Pour autant, je n’ai pas envie aujourd’hui de me lancer dans ce genre de jeu littéraire. Je n’ai pas envie de symboles, de figures, encore moins de généralités métaphysiques ouvrant sur je ne sais quel mystère, mais seulement de sentir le chemin souple et sombre sous mes bottes, l’air froid, le souffle du torrent. À l’effort des idées et aux éclats de l’art je préfère le laisser-aller des émotions, et aux émotions elles-mêmes je préfère les sensations.
Juste après le petit pont voici que réapparaît le soleil de face qui fait luire non seulement le pelage du chien blanc aux aguets mais toutes les feuilles des ronces, comme si un peintre les avait une à une recouvertes d’argent. Monte en même temps une forte odeur d’humus, de terre et de feuilles un peu fumée, absolument exquise. Plus loin l’allée des saules est très belle aussi, où je regarde en plissant les paupières Rimski auréolé de lumière. Ici je ne réfléchis plus, je n’écris plus (je le fais au retour) : je savoure. Je suis ému.
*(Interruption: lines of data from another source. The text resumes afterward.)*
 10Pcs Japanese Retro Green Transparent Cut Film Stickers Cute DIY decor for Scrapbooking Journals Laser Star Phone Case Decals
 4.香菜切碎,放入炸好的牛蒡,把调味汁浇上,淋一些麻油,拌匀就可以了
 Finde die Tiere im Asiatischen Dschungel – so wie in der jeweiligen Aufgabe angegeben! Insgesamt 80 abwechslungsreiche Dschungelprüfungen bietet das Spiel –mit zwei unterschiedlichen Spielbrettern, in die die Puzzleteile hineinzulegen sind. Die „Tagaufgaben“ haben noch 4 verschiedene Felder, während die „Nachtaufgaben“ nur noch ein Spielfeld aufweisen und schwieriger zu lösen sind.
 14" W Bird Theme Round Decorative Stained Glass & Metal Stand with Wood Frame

Vivre au présent de telles sensations me plaît, bien entendu ; en garder traces dans ces pages et plus tard les relire (ou en lire d’autres comparables sous la plume d’un confrère plus habile) me plaît tout autant. Si j’en juge par les livres qui sont massivement lus et loués, ce n’est pourtant pas en priorité ce que recherchent les lecteurs. Ils veulent, semble-t-il, qu’on leur raconte des histoires, et les plus lettrés d’entre eux ont soif d’abstraction, de généralisations qui donnent sens à leurs propres expériences ainsi transcendés. L’esthète savoure l’art du poète, capable de transmuter la réalité ordinaire en œuvre d’art. Moi, je me sens bête : pareil à l’enfant de dix ans qui naguère, lisant toutes sortes de poèmes sur la montagne, s’était exclamé face à celui de Kenneth White qu’enfin il pouvait la sentir et la voir, la montagne, j’ai surtout soif de sensations.
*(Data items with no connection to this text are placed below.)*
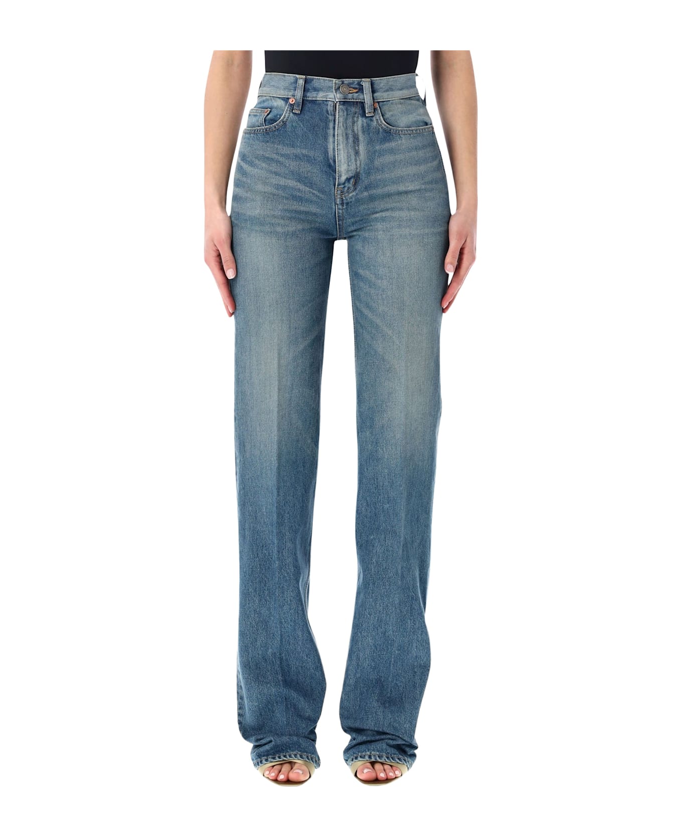 The Saint Laurent Yves Flared Jeans In Certified Cotton Combine Timeless Denim Style With A Flattering High-waisted Fit. Featuring A Flared Leg And Five-pocket Design, These Jeans Offer Comfort And Sophistication. A Zip Fly With Button Closure And Embossed Saint Laurent Paris Leather Jacron On The Waistband Complete The Look, Making Them Perfect For Chic Casual And Elevated Outfits. Made From Certified Cotton High-waisted Fit With Flared Leg Five-pocket Button Closure With Zip Fly Waistband With Belt Loops And Embossed Saint Laurent Paris Leather Jacron Alessandra Is 1,75 M And Wears Size 26
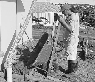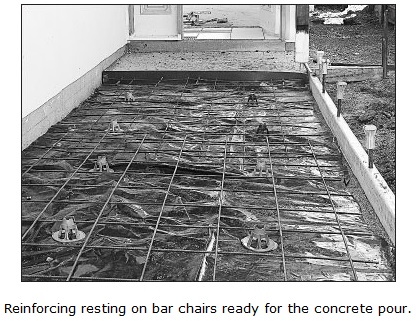 The photograph above shows plastic bar chairs supporting the reinforcing mesh. Have another look at the Footing Details on page 159 for minimum side and bottom cover for reinforced footings and beams.
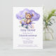 Un adorable ours en peluche volant un avion sur cette invitation baby shower. Tous les champs avant et arrière sont modifiables. Cette invitation est également disponible en bleu.
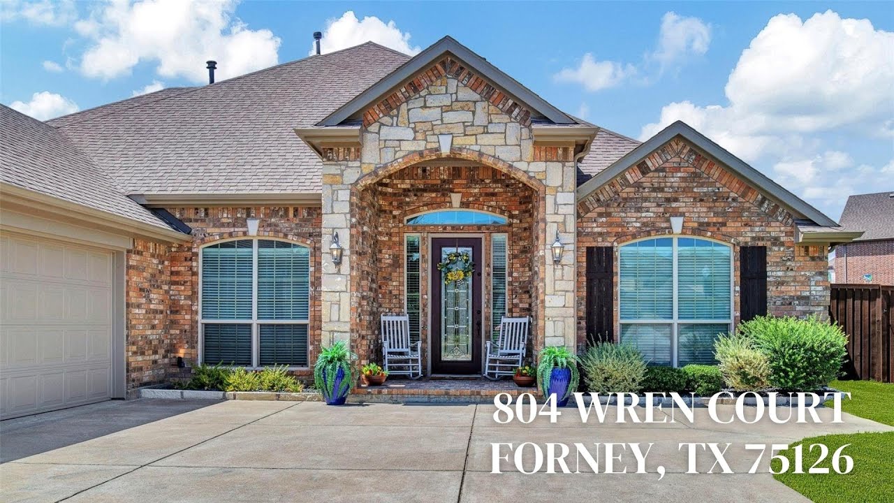 Sought-after floorplan on cul-de-sac in wonderful Grayhawk community! .325 of an Acre. 4 Bedrooms including the primary suite are on the first floor. 2.5 bathrooms downstairs, 1 upstairs. Primary retreat is ensuite with lg. walk-in closet, sitting area, private access to covered patio. Huge private flex space upstairs with full bath & walk-in closet. Could be mother-in-law, guest, media, game room. Also down – Large study w French doors, Formal Dining (could be another living area). Hardwoods in entry, formal dining and family room. Kitchen has lg. dining area, granite, butler’s pantry, SS appliances, gas cooktop, new garbage disposal, large island w storage. French doors to lg. covered patio. Family room open to kitchen w stone gas log fireplace, wall of windows. 3 car side-entry garage. Tankless hot water heater. Home has been meticulously maintained. Community pool and playground. Close to shopping, restaurants, and historic downtown Forney!

Il ne faut pas tellement d’habileté pour prendre en notes des sensations. Il n’est pas non plus nécessaire d’avoir une grande capacité d’abstraction. C’est sans grand mérite, et peut-être sans attrait pour nombre de lecteurs (j’en ai connus que rebutait le dépouillement du haïku). Mais pour ma part, cet ancrage de l’art dans des sensations apparemment simples m’est infiniment précieux, parce qu’il me permet de relier par un fil discret le passé et le présent, conférant à l’image non une dimension symbolique ou générale mais le pouvoir, à partir d’un détail particulier de ce chemin-ci à ce moment-là, de rouvrir des sentiers oubliés.
À la réflexion (puisque je me suis laissé dériver une fois encore jusque dans ces parages), je sais pourquoi m’ont tant touché tout à l’heure ces images de l’ombre noyant nos ombres puis de la lumière faisant briller les feuilles et le pelage du chien. Ce sont des sensations d’hiver, que je n’avais pas ressenties depuis l’hiver dernier et qui m’ont ramené insidieusement à un autre moment vécu il y a cinq ou dix ans, sur un autre sentier, par un beau jour pareillement ensoleillé et froid.
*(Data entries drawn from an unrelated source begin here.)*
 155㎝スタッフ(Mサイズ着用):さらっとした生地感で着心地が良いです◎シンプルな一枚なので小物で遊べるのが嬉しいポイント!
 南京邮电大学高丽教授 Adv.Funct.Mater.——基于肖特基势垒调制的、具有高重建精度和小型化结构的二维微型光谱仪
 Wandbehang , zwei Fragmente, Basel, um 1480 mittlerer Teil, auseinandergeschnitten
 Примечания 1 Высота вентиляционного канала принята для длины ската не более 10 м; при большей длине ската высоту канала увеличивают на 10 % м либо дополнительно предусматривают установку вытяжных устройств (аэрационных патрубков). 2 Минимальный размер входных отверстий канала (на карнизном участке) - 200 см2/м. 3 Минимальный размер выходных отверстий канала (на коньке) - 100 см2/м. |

Voilà le langage qui vraiment me touche, que je trouve épars dans certains films asiatiques ou russes le plus souvent, dans certains livres japonais ou suisses, dans certains textes souvent écrits à partir de dérives ou de promenades. D’aucuns ne jurent que par les histoires qui distraient ou les vers qui en imposent, moi je rêve d’une écriture baladine qui ne serait que sensations.